GETTY LOSES BID TO DISMISS ART-RESTITUTION LAWSUIT
Los Angeles Times
http://latimesblogs.latimes.com/culturemonster/2011/11/getty-museum-armenian-orthodox-church-stolen-art.html
Nov 4 2011
The J. Paul Getty Trust is squaring off against the Armenian Orthodox
Church in Los Angeles County Superior Court, and on Thursday the church
won the first important procedural round in its bid to reclaim eight
prized medieval manuscripts (a detail is pictured above) it contends
were stolen goods when the Getty bought them for $950,000 in 1994.
The Getty tried to have the suit dismissed on statute-of-limitations
grounds, arguing that church officials were aware of the manuscripts'
whereabouts by 1952 and should have sued at that time, when they were
owned by an Armenian-American family in Massachusetts -- the heirs
of a man who had brought them out of the province of Cilicia as the
Ottoman Turks were expelling the province's Armenian population during
the World War I-era Armenian genocide.
Superior Court Judge Abraham Khan denied the Getty's motion, saying
that it was "not clear" that church officials knew what the Getty says
they knew when it says they knew it.
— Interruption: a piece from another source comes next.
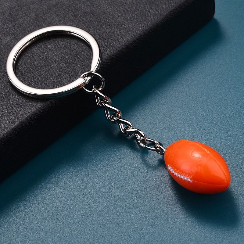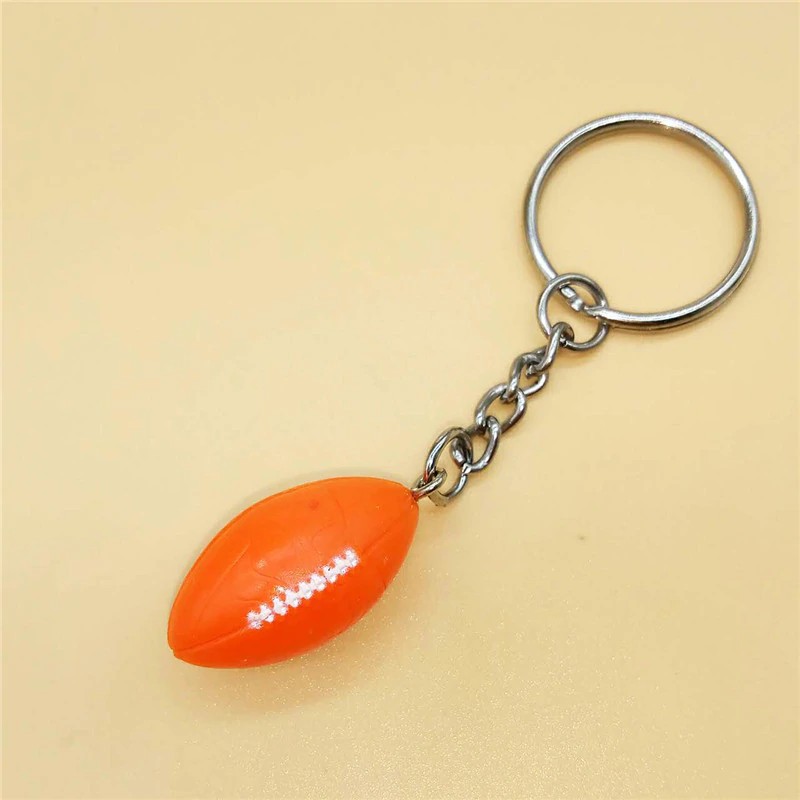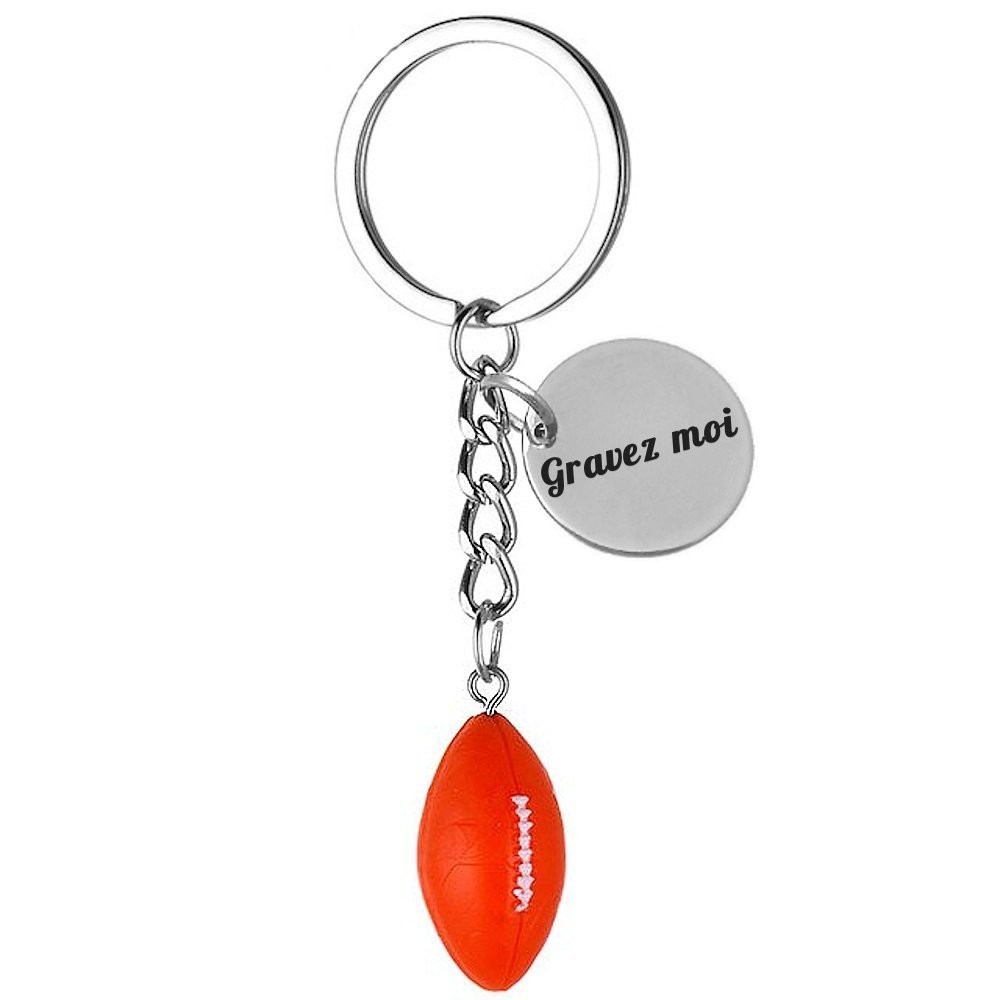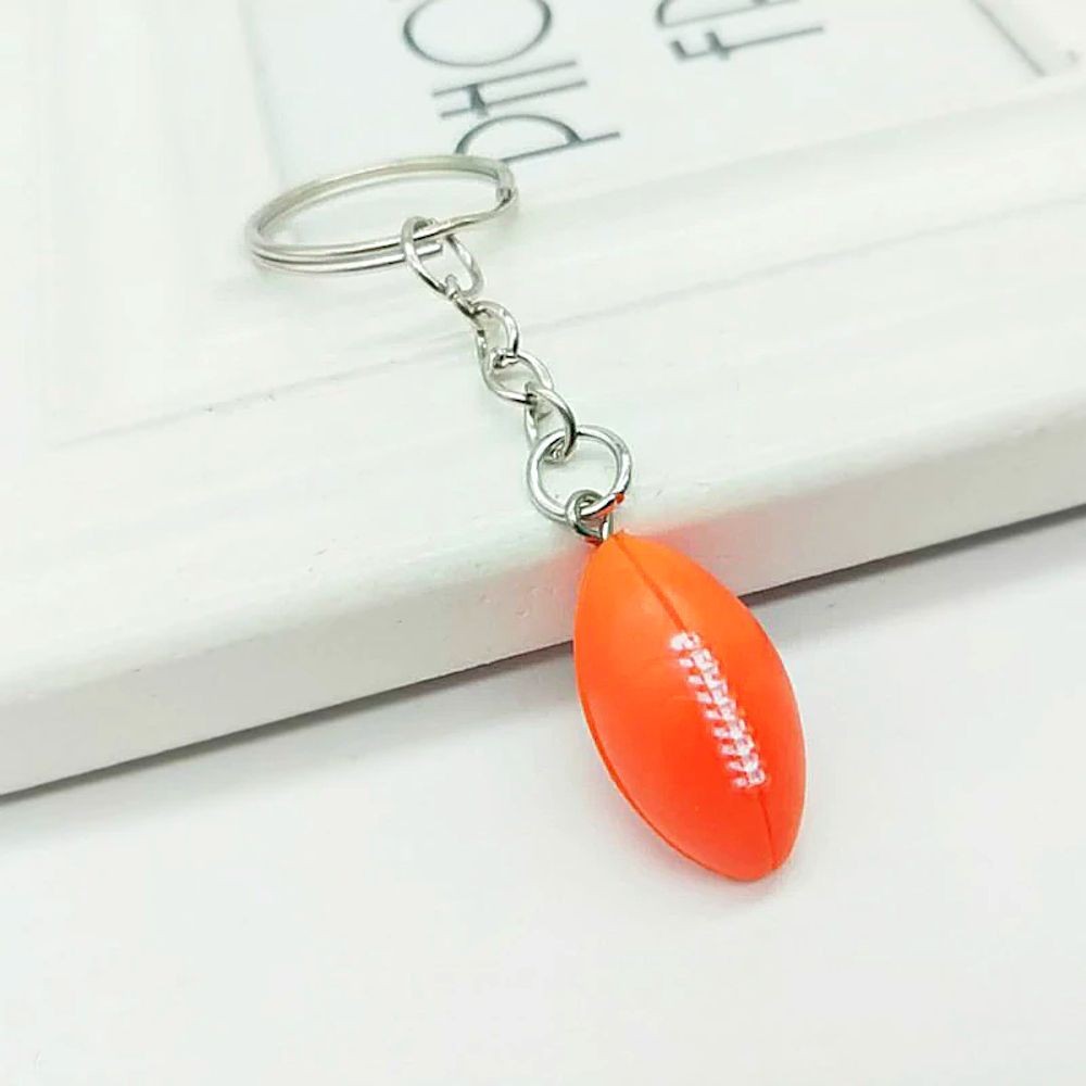 Le pendentif est une miniature réaliste de ballon de rugby en résine moulée orange vif — forme ovale parfaitement proportionnée avec coutures blanches et relief de la peau du ballon bien rendus. La couleur orange tranchante et le volume en 3D lui donnent un rendu immédiatement reconnaissable et visuellement généreux, bien différent des pendentifs plats en métal. L'ensemble est monté sur un anneau porte-clés standard avec chaîne intermédiaire et médaille gravable accrochée à côté. Le métal de l'anneau et de la chaîne résiste bien aux frottements et à l'usure du quotidien.

He said the statute-of-limitations
law could come into play in a future hearing but that he would want
to hear evidence about the complicated path the 755-year-old pages
took starting in 1916, when they were separated from a larger bible
known as the Zeyt'un Gospels.
The Getty's pages are lavishly illustrated Canon Tables -- citations
of parallel verses from the four New Testament gospels, which served
as a kind of frontispiece for the bible created in 1256 by T'oros
Roslin, considered the greatest Armenian manuscript illuminator.
The church aims to make the Zeyt'un Gospels whole again by winning back
the missing pages from the Getty and sending them to the Matenadaran,
a major manuscript museum in the Armenian capital of Yerevan, which
has housed the rest of the Zeyt'un Gospels since the late 1960s.
Here's the full story about the decision. It includes a rarity in the
controversy-shy, ultra-cautious art-museum world: Columba Stewart,
executive director of the Hill Museum & Manuscript Library at Saint
John's University in Minnesota and a Benedictine monk, is openly
calling on the Getty to repatriate a contested masterpiece. Stewart
says the issue shouldn't be decided by legalities, but by the ethical
imperative of turning a fragmented artwork into one that's whole.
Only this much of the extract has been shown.